Solei flashed electric blue in alarm, bright enough I squinted, before she returned to her human colors.

We swam on in silence, a thousand feet below the surface, down into trouble.


Less than three miles from the source of the cries we had heard, Solei said, “I smell blood.” Her skin glimmered with violet freckles, then darkened again. “A lot of blood.”

“Me too.” I also sensed the presence of Sërenmare magic, a light frisson of power tingeing the water. Whoever’s blood coursed the sea had also spilled most of their energy into the waves. Someone lay dying, and the knowledge made me push myself to move faster.

We swam another mile, and I heard someone weeping, a faint sound that made me shiver.

A moment later, we dipped between two seamounts, came around a steep wall of rock, and I spotted two people—a woman and man—both around Aiden’s age. The man’s body was prone, draped over a fairly flat section of rock, while the woman sat beside him, unharmed. Her skin and tail gleamed turquoise, with indigo tiger strips, and she wore the tattoos and jewelry of a Gendian tribe. Her long hair matched her stripes, and she carried two spears on her back.

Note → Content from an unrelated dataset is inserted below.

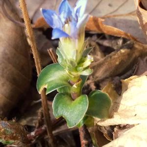 ( -_・)?🙄😳 ら、り、り、り りんどう? 山の中の斜面、湿った落ち葉の積もったところから、青い花が顔を出していました😃 春にも咲くの? 添い寝をするようにして撮りました。

The man’s eyes were closed, and his skin and tail shone a pale golden-green, almost white. His arms and chest bore the same tattoos and jewelry as the woman, and it was clear all the blood in the water had come from him. Something had torn his right arm off, which dangled from his shoulder by a thin strip of skin. The woman had her hands pressed to his stomach. The man’s gut had been ripped open, shredded to the point his intestines had been spilling out, and the woman was trying to hold him together.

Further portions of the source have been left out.